San Diego’s Illumina made headlines in January when the company said it “broke the sound barrier” of genomics by facilitating the sequencing of the human genome for a mere $1,000 using the company’s HiSeq X Ten System of machines.
Illumina (Nasdaq: ILMN) has long been at the forefront of genomics, having entered the field in 1998 with genetic analysis products and then turning to genetic sequencing when it acquired Solexa Inc. in 2006. Since then it has compiled an array of products ranging from something suitable for an individual principal investigator through factory-like production centers studying entire populations.
Joel Fellis, Ph.D, senior manager of product marketing, systems and genomic services at Illumina, said instead of a convergence around one end of that spectrum, Illumina is excited about an expected increase in opportunities on both the smaller and larger side.
“It’s going to be a combination of the two,” Fellis said. “Really, there’s an insatiable appetite for sequencing data; a platform like NextSeq enables individual researchers to take on projects different than those at large human genome facilities. These large centers processing tens or hundreds of thousands of genomes deliver a tremendous amount of genetic information, and fuel individual researchers doing research on NextSeq. Their databases allow other labs to do follow-up studies, going deeper into the functional biology underneath that. So it has to be a combination of the two.”
Among Illumina’s current sequencing offerings are the MiSeq, NextSeq and HiSeq2500 and HiSeqX Ten platforms, some of which have derivations within each platform. In terms of complexity and scale of use, Fellis said the MiSeq systems are on the lower end.
“That’s really a desktop sequencer,” he said. “Typically used in smaller labs and by individual professors and researchers, it has lower throughput applications that don’t require a massive amount of data.”
Fellis said the MiSeq platform is particularly useful for studying gene panels or sequencing microbes.
The next step up is the NextSeq500, which also is a desktop system for smaller labs or individual use, and was announced in January. The main difference between this system and the MiSeq platform is that it can accommodate high-throughput sequencing, which requires more data. Fellis said it’s possible to use the NextSeq500 to do the same studies as on the MiSeq, but on a larger scale. In addition, it can accommodate the large amount of data needed to sequence entire human genomes, though it can only handle one at a time. Fellis said it’s the only desktop sequencer available that can facilitate this.
The NextSeq500 works well for transcription sequencing, profiling RNA transcripts, and exome sequencing, and has two run modes depending on the amount of samples being run.
The HiSeq2500 platform offers flexibility in the ability of data to be processed, and is particularly notable because it can sequence an entire human genome in 27 hours, or roughly one day.
“It was the first platform in the world capable of sequencing the human genome at that speed,” Fellis said.

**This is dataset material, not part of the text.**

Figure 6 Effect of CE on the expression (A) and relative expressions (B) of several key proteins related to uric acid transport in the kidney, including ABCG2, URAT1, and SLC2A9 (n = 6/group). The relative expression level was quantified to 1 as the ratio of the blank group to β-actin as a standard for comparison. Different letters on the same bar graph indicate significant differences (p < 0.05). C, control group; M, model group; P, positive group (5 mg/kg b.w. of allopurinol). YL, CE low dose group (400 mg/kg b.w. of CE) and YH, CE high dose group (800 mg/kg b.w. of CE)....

This system is often used by labs or groups looking to process large samples, since the high output mode has higher throughout applications that can sequence 10 human genomes in six to seven days, churning through hundreds to thousands of samples annually.
“It also does exome transcription sequencing, but the difference is it can process many more samples in a run,” Fellis said. “Hiseq is better suited for thousands of samples -- an order of magnitude more samples than the NextSeq, which is the difference between a desktop sequencer versus a production sequencer.”

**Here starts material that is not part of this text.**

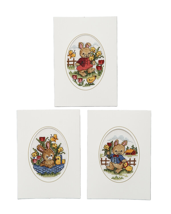 Stickpackung Karte Fröhliche Osterhasen 3-er Pack

Illumina’s final sequencing platform is the HiSeqX Ten, announced in January alongside the NextSeq500. The system is actually a package of 10 machines sold together for $10 million, with each of the 10 systems capable of sequencing a human genome for $1,000.

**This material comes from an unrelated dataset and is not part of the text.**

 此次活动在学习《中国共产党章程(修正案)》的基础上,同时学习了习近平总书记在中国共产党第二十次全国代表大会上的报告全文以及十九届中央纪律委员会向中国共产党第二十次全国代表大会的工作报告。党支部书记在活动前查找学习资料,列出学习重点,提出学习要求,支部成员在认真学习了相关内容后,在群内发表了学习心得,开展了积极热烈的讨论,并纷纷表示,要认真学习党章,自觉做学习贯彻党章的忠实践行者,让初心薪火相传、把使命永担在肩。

“That’s just changed the world of genomics and is a huge milestone for the community,” Fellis said. “It has an incredibly high throughput designed for population scale sequencing of the human genome.”
He said the 10 machines used together can sequence 18,000 genomes per year, and the system has created a tipping point in the industry where huge factory-scale sequencing of the human genome is now possible and being increasingly used.
Fellis said while he couldn’t comment on specific new products Illumina is working on, he said the next milestone after breaking the “sound barrier” of the $1,000 genome is in enabling population-scale projects.
“One thing I can answer is that the next big milestone is enabling population-scale projects,” Fellis said. “We’ve enabled the price-point, throughput and now I think we’re ready to see large centers take on projects and sequence large populations, which is good for the entire genomics community.”